I was in a turmoil of conflicting emotions. I really liked Sam, even though he had quite literally screwed me. But I couldn’t let him continue to swindle people; that was wrong any way you looked at it, legally or morally.

On the other hand, Sam wasn’t really hurting anybody. Was he? Did any of his customers empty their retirement accounts to take his phony ride? Would any of those retired couples spend their declining years in poverty because Sam bilked them out of their life savings?

I shook my head, trying to settle my spinning thoughts into some rational order. Sam was breaking all kinds of laws, and he’d have to stop. Right now.

“All right,” I said, my mind finally made up. “I’m not going to report this back to your superiors at NASA.”

Sam’s face lit up.

“And I’m not going to blow the whistle on you or bring in the authorities,” I continued.

Sam grinned from ear to ear.

“On one condition,” I said firmly.

His rusty eyebrows hiked up. “One condition?”

“You’ve got to shut this operation down, Sam. Either shut down voluntarily, or I’ll be forced to inform the authorities here in Panama and the news media in the States.”

He nodded solemnly. “Fair enough. In two months I’ll close up shop.”

“Not in two months,” I snapped. “Now. Today. You go out of business now and refund whatever monies you’ve collected for future flights.”

I expected Sam to argue. I expected him to rant and holler at me. Or at least plead and wheedle. He did neither. For long, long moments he simply sat there staring at me, saying nothing, his face looking as if I’d just put a bullet through his heart.

I steeled myself and stared right back at him. Hector stirred uneasily in his chair beside me, sensing that there was more going on than we had expressed in words, but saying nothing.

At last Sam heaved an enormous sigh and said, in a tiny little exhausted voice, “OK, if that’s what you want. I’m in no position to fight back.”

I should have known right there and then that he was lying through his crooked teeth.
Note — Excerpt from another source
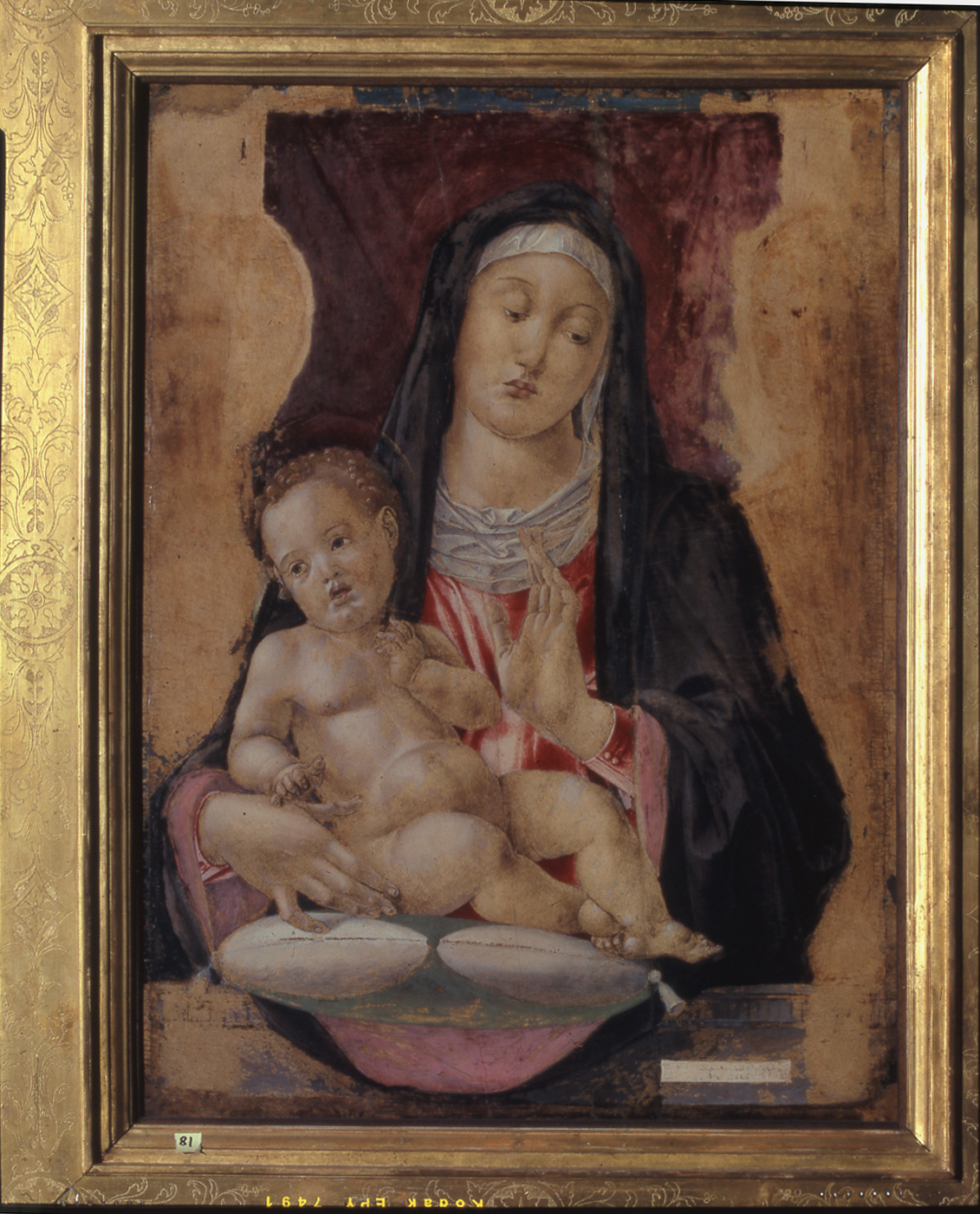 - NOTIZIE STORICO CRITICHE Il dipinto fu acquistato dalla Regia Pinacoteca Nazionale nel 1875 dall’antiquario Gherardi. Dapprima inventariato con l’attribuzione a Gerolamo Vivarini (Gamba 1871), venne restituito al catalogo di Bartolomeo (Gamba, 1884) sulla base di una firma apocrifa e della data “1481”, in seguito parzialmente rimosse da un restauro del 1939. Ciononostante, la paternità dell’opera non fu più messa in discussione dalla critica sino all’ipotesi avanzata da Noemi Gabrielli, che spostava dapprima il dipinto all’ambito generico della bottega vivariniana (1959; 1965) e poi a Jacopo da Valenza (1971). Qualche anno dopo Zeri (1973) riproponeva il nome di Bartolomeo, non escludendo la possibilità che la firma potesse essere autentica. Certamente il pessimo stato conservativo e i rifacimenti subiti dalla tavola, che un tempo presentava ai lati della Madonna con il Bambino due Santi, oggi solo parzialmente intuibili dai contorni sopravvissuti, non ammette un giudizio inderogabile in merito all’autografia. Acuisce semmai l’andamento formale robusto e ieratico delle figure superstiti, che si direbbero tutto sommato tipiche della “rustica freschezza” di Bartolomeo (Pallucchini, 1961), mostrando però timidi legami con le coeve sperimentazioni belliniane sul tema della Madonna con il Bambino, metabolizzate anche attraverso la pittura più aggiornata del fratello Alvise Vivarini. Proviene probabilmente da quest’ultimo lo spunto iconografico del Bambino seduto sul cuscino (cfr. Venturi, 1914) che, insieme alla veste della Vergine con la manica stretta poco sopra il polso da una coppia di bottoncini sferici, si ritrova molto simile su una tavola di soggetto analogo con sfondo dorato di collezione privata inglese, attribuita con fermezza da Rodolfo Pallucchini a Bartolomeo alla metà degli anni settanta del Quattrocento (Pallucchini, 1988, pp. 134-136). In ogni caso l’atteggiamento e la resa grafica delle mani, non prive di forzature anatomiche e proprio per questo raffinatissime, oltre a ricordare la solennità gestuale dalla contemporanea pittura di Antonello da Messina sono tra gli elementi che sembrano discostare di più la tavola di Torino dalle propaggini bellunesi della bottega vivariniana come Jacopo da Valenza, Antonio Cesa o Antonio da Tisoi

Hector flew me back to Panama City and we repaired to our separate hotel rooms. I felt totally drained, really out of it, as if I’d spent the day fighting dragons or climbing cliffs by my fingernails.

Then things started to get weird.

I had just flopped on my hotel room bed, not even bothering to take off my clothes, when the phone rang. My boss from DEA headquarters in Washington.

“You’re going to have a visitor,” he told me, looking nettled in the tiny phone screen. “Her name will be Jones. Listen to what she has to tell you and act accordingly.”

“A visitor?” I mumbled, feeling thick-headed, confused. “Who? Why?”

My boss doesn’t nettle easily, but he sure looked ticked off. “She’ll explain it all to you. And this is the last goddamned time I let you or any other of my people go off on detached duty to help some other agency!”

With that, he cut off the connection. I was looking at a blank phone screen, wondering what on earth was going on.

The phone buzzed again. This time it was Hector.

“I just got a phone call from my group commander at Eglin,” he said. “Some really weird shit has hit the fan, Ramona. I’m under orders to stay here in Panama with you until we meet with some woman named Jones.”

“I got the same orders from my boss,” I told him.

Hector’s darkly handsome face went into brooding mode. “I don’t like the sound of this,” he muttered.

“Neither do I,” I confessed.

We didn’t have long to wait. Ms. Jones arrived bright and early the following morning. In fact, Hector and I were having breakfast together in the hotel’s nearly-empty dining room, trying to guess what was going on, when she sauntered in.

She didn’t hesitate a moment, just walked right up to our table and sat down, as if she’d been studying photographs of us for the past week or two.

“Adrienne Jones,” she said, opening her black leather shoulder bag and pulling out a leather-encased laminated ID card. It said she was with the U.S. Department of State.